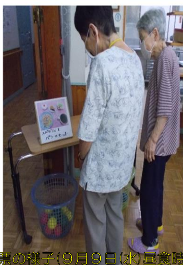
投票の様子(9月9日(水)昼食時)
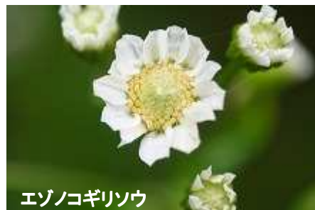
エゾノコギリソウ

本州中部以北から北海道、千島、樺太、カムチャッカ、東シベリアにかけて分布するエゾノコギリソウは、北地の草原に生える多年草です。高さは10～85cmほどになります。葉は長楕円形～披針状線形で、長さは3～7cm、巾5～11mmで、縁には細かいきょ歯があり、無柄で、基部はなかば茎を抱きます。花は7～8月に咲きます。頭花は白色で、散房状に多数つきます。総苞は半球形で長さ5mm、密に絹毛があります。舌状花は2列に並び、12～19個あります。宮城県では、石巻市網地島や田代島などに見られます。
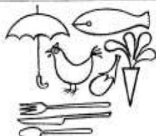
全国物価統計調査

十月から十一月にかけて全国物価統計調査が行われます。消費者物価についての第二回目の総合的、基本的な大調査です選定された店舗でのご協力をお願いします。
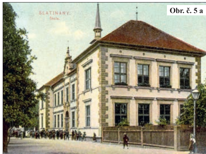
Obr. č. 5 a

hluboce zasáhl. Starosta obce J. Holub tlumočil svoji účast pozůstalým a nechal vytisknout smuteční oznámení (obr. č. 6). Příčinou smrti podle chorobopisu byl zápal plic a pohrudnice. K lůžku nemocného byl přivolán i prof. Thomayer z Prahy.

What to do:
Each line from the one containing "Obr. č. 5 a" through the end of the material must be output exactly, and no other line.

Exercise result:
Obr. č. 5 a

hluboce zasáhl. Starosta obce J. Holub tlumočil svoji účast pozůstalým a nechal vytisknout smuteční oznámení (obr. č. 6). Příčinou smrti podle chorobopisu byl zápal plic a pohrudnice. K lůžku nemocného byl přivolán i prof. Thomayer z Prahy.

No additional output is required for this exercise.